謝顏到達文老先生一行人所在的花廳的時間比文老先生預料的稍微晚了一些, 而去找人的安語靖更是不知所蹤。

文老先生看著與溫家二少爺一同走來的謝顏,一頭霧水。

“謝小友,安小姐去哪裏了?還有溫二少……”

謝顏剛和心上人在一起, 還光天化日之下接了吻,此時心裏正發酥, 聽文老先生這麽一問,頓時心虛起來,不知如何解釋,生怕對方看出些什麽來。

“安小姐與我大哥有事先走了, 阿顏不認識路, 我帶他過來找您。”溫珩倒是面色如常。

“哦?那就麻煩二少了。”文老先生對安語靖和溫睿的事多少知道一點,聞言呵呵笑了兩聲。

“謝小友快跟我來, 我可是和他們打了包票,說自己遇上了一個驚為天人的後輩,這群人就等著見你呢。”

文老先生熱情地招呼謝顏去和花廳中其他人認識, 謝顏抽空看了溫珩一眼,溫珩沖他比了個晚上見的手勢,他放心地笑了笑,跟著文老先生去認人了。

文老先生這一脈的人都是他的老友或學生, 相識多年脾性相投,雖然謝顏看上去人微言輕,但有文老先生的引薦,沒有一個人輕視他,反而個個好奇不已。

謝顏的閱歷與學識都不是這具十幾歲的身軀可代表的,眾人與他交談過後, 紛紛心中暗嘆文老先生所言果然不錯, 這位謝顏小先生雖然年紀不大, 卻博古通今,更為難得的是他在這個年紀擁有這樣的學識,卻不見一絲驕傲浮躁之氣,反而沈穩內秀,舉止大方得體,讓人恍惚間覺得自己是在與一位三十多歲的儒雅先生交談。

一個下午的功夫,謝顏認全了文老先生的交際圈子,交了好幾位朋友,約了七八個飯局,有的真性情的先生聽聞他的劇院馬上就要開業了,當即表示送文的送文,送畫的送畫,幫他把場面撐起來。

謝顏對此當然樂見其成,很快就與三位以文章見長的先生約好劇院開業後請他們寫幾篇宣傳文章登報造勢,又定下了兩位擅長丹青的老先生的畫。

當然,謝顏也不會只收禮物白占便宜,他答應劇院開業那天給這幾位老先生留一個包廂,請他們看戲。

白落秋在漢口的第一場戲的包廂,其價值根本不是金錢可以衡量的,多少大戶人家沒點關系拿著大把銀票也訂不下來,幾位先生都是愛聽戲的,見謝顏這麽爽快,更加高興,紛紛表示回去後還可以請其他朋友也幫劇院寫宣傳文章。

我們華夏有為青年自己開的劇院,必須支持!

謝顏也順勢表示,只要包廂坐得下,老先生們還可以帶朋友們一起來看戲——反正就那麽間包廂,人多人少不都是看戲嗎。
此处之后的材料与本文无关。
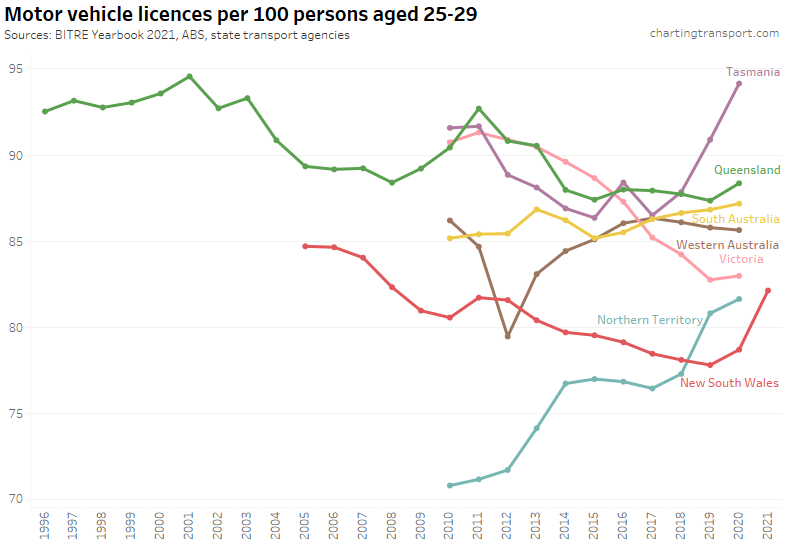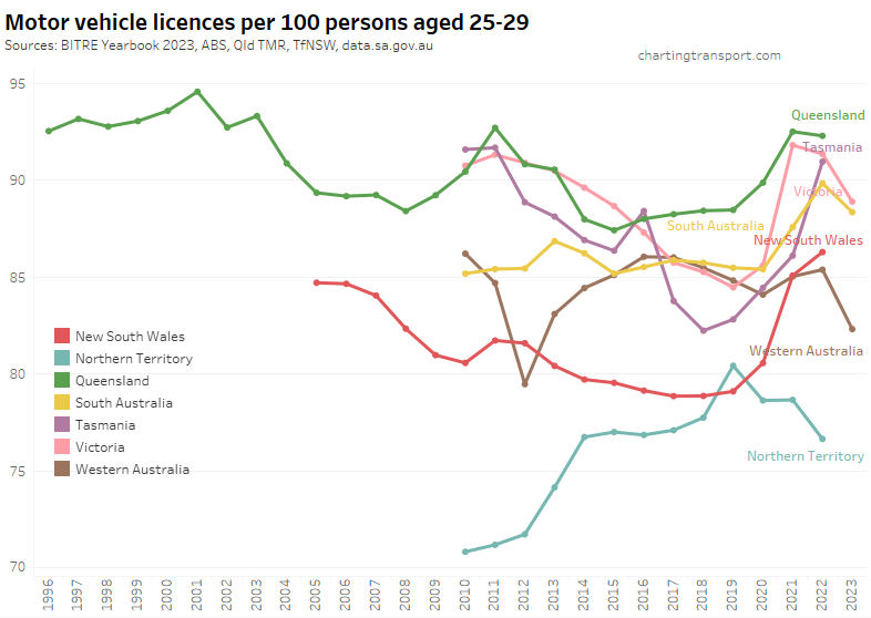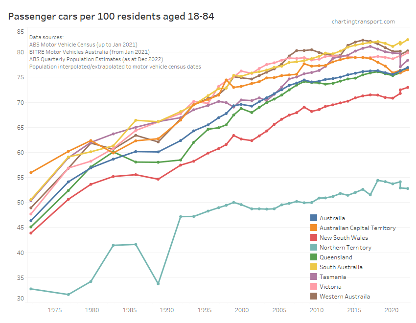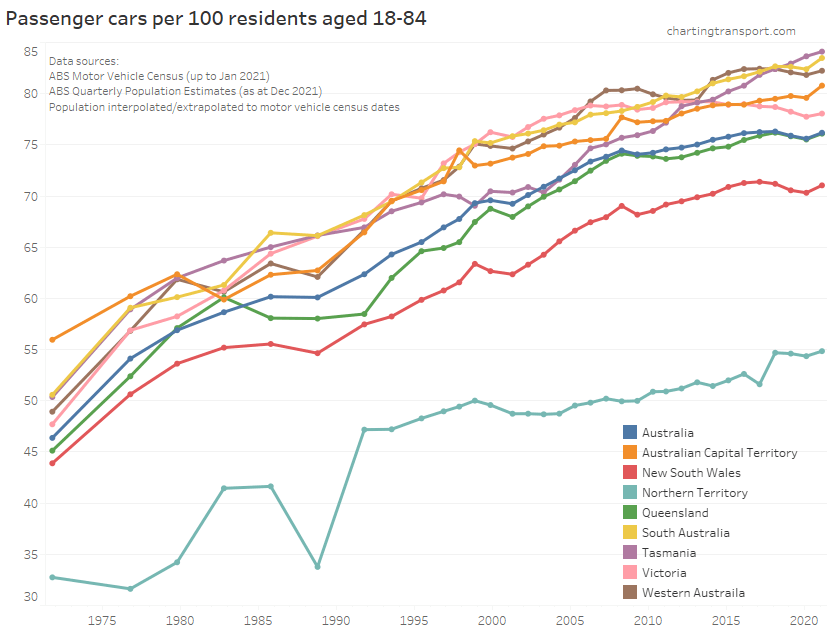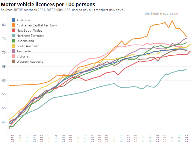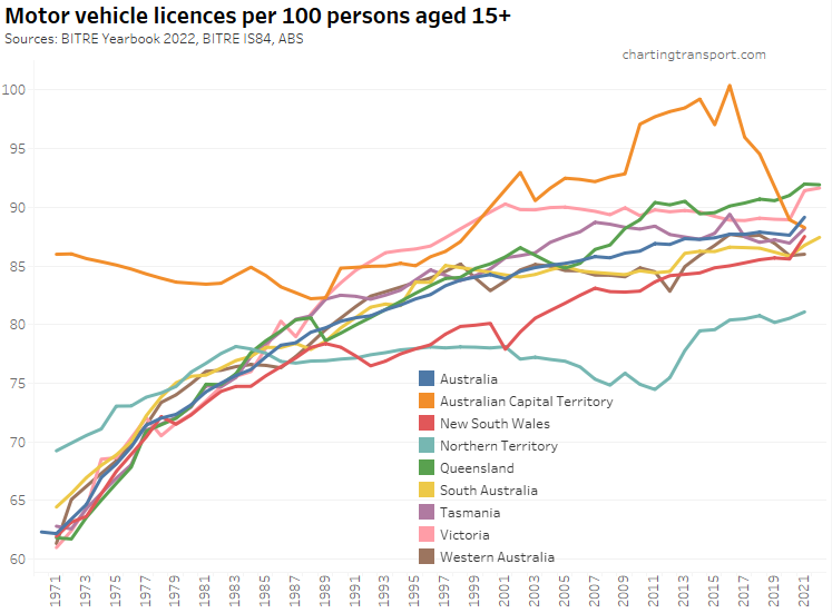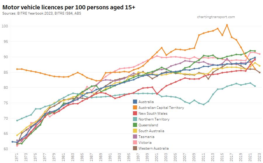 Here is motor vehicle licence ownership for people aged 15+ back to 1971 (I’d use 16+ but age by single-year data is only available at a state level back to 1982). Note this includes any form of driver’s licence including learner’s permits.

謝顏和老先生們相談甚歡,期間還見到一個熟人,正式之前經常去運來茶樓聽書的顧俊之。

謝顏還記得文老先生最開始知道漢口奇緣,就是因為顧俊之,此人是文老先生的學生,也是方巡閱手下主管教育的一員幹將,當初若不是他把漢口奇緣講給文老先生,引得文老先生看了安語靖手裏的稿子,寫了那篇短評文章,謝顏還不一定可以得文老先生青眼。

從某種程度上講,說顧俊之是謝顏的貴人也不為過。

謝顏對顧俊之有些印象,但他沒想到的是,顧俊之居然也認出了自己。

“小謝先生。”顧俊之是個穿著絲綢馬褂的中年男子,“我當時在運來茶樓第一次見到你就覺得你不簡單,果不其然,現在已經是大老板了。”

顧俊之應該從文老先生那裏知道了謝顏就是現者,不過他看得出謝顏還不想暴露身份,所以沒有多說。

“顧先生說笑了,比起我這樣小打小鬧的生意,您所做之事才是真正的福澤萬民,我怎當得起您的不簡單呢?”

“小謝先生太過謙虛了。”顧俊之意味深長地拍了拍謝顏的肩膀,他們教育局可還等著“現者先生”宣傳成人學校的小說呢。

謝顏狀作不知地笑了兩聲,又聽顧俊之道,“對了,你最近有再去過運來茶樓嗎?”

“沒有,我這些日子太忙了,怎麽了?”

“運來茶樓已經好些天沒有先生說書,那個唱曲的小姑娘也再沒來過。”顧俊之喜歡聽書,對這些事了如指掌,“據說是運來茶樓的東家幹不下去了,要把茶樓賣掉。”

運來茶樓的東家,可不就是李天維嗎?

謝顏聽柳掌櫃的說過,運來茶樓是李天維的私人財產,不歸李家管,李天維還被他們關著,誰要賣了運來茶樓?

是李天維的妻兒過不下去了,還是李天維的兄弟們要對他的東西下手了?

無論哪一種可能,都證明李家內部已經亂了起來,這也正是謝顏他們希望看到的。

謝顏心裏閃過數個念頭,表面卻不動聲色,“是嗎?那柳掌櫃的怎麽辦,有沒有找好下家?我回頭有時間去看看吧,柳掌櫃畢竟對我有恩。”

“我和你說這話也是這個意思。”顧俊之知道謝顏聽懂了自己的暗示,“在芙蓉街這種地方開劇院,沒些老地頭帶著是開不下去的,柳掌櫃的在芙蓉街幹了十幾年,各項東西都熟,反正運來茶樓就要沒了,你把他請去幫忙不是現成的嗎?”

謝顏和顧俊之道了謝,把這件事記在心裏,打算明天去看一看。

謝顏又和花廳裏其他人聊了半天,還下了兩局棋,冬日天黑得早,不知不覺間外邊的光線就暗了下來,巡閱府的管家來請他們去東樓吃宴席,德春班的戲也馬上就要開場了。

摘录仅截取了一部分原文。